A listing of the final 10 observations confirms that the dataset consists of some information for latitude and longitude.
. listing countryregion latitude longitude in -10/l
+---------------------------------------------+
| countryregion latitude longit~e |
|---------------------------------------------|
7917. | France -12.8431 45.1383 |
7918. | France -21.1351 55.2471 |
7919. | Greenland 72 -40 |
7920. | Guam 13.4443 144.7937 |
7921. | Guernsey 49.45 -2.58 |
|---------------------------------------------|
7922. | Jersey 49.19 -2.11 |
7923. | Puerto Rico 18.2 -66.5 |
7924. | Republic of the Congo -1.44 15.556 |
7925. | The Bahamas 24.25 -76 |
7926. | The Gambia 13.4667 -16.6 |
+---------------------------------------------+
Conclusion and objectives for subsequent time
Let’s cease right here and take into consideration what we’ve achieved. We now have efficiently downloaded all of the uncooked information obtainable for COVID-19 from the Johns Hopkins GitHub repository and mixed them right into a single dataset utilizing the next code:
native URL = "https://uncooked.githubusercontent.com/CSSEGISandData/COVID-19/grasp/csse_covid_19_data/csse_covid_19_daily_reports/"
forvalues month = 1/12 {
forvalues day = 1/31 {
native month = string(`month', "%02.0f")
native day = string(`day', "%02.0f")
native yr = "2020"
native right now = "`month'-`day'-`yr'"
native FileName = "`URL'`right now'.csv"
clear
seize import delimited "`FileName'"
seize verify variable ïprovincestate
if _rc == 0 {
rename ïprovincestate provincestate
label variable provincestate "Province/State"
}
seize save "`right now'", exchange
}
}
clear
forvalues month = 1/12 {
forvalues day = 1/31 {
native month = string(`month', "%02.0f")
native day = string(`day', "%02.0f")
native yr = "2020"
native right now = "`month'-`day'-`yr'"
seize append utilizing "`right now'"
}
}
A lot of you’ll discover that we may accomplish this job with a single loop (trace: use frames!). However I wished to maintain issues so simple as potential on this put up. Let’s save this dataset so we will use it later.

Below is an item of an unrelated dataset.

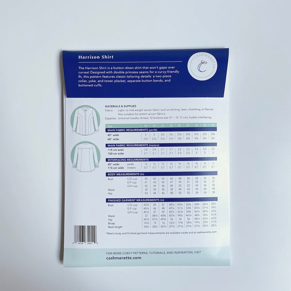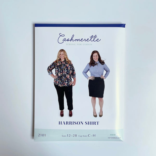 The Harrison Shirt is a button-down shirt that won't gape over curves! Designed with double princess seams for a curvy-friendly fit, this pattern features classic tailoring details: a two-piece collar, yoke, sleeve placket, separate button bands, and buttoned cuffs.
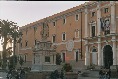Bei der anschließenden Stadtrundfahrt bewundere ich die schönen Einkaufsstraßen, den Dom - hier wird gerade von ca 10 Priestern gleichzeitig die Osterbeichte abgenommen - und den Stadtpalst mit der klugen Richterin: Sie sopll schon lange vor Napoleon ein vernünftiges Rechtssysten für Sardinien erdacht haben.

. save covid19_raw file covid19_raw.dta saved
There are numerous issues we may do with this uncooked dataset. We may create time-series information to look at patterns over time. We may do that by nation and even provinces or states inside nations. And we’ve details about latitude and longitude for a few of the information, so we may discover patterns by time and placement. I’ll talk about these in future posts.
Please be aware that we’ve not checked and cleaned these information. The code above and the ensuing information needs to be used for educational functions solely.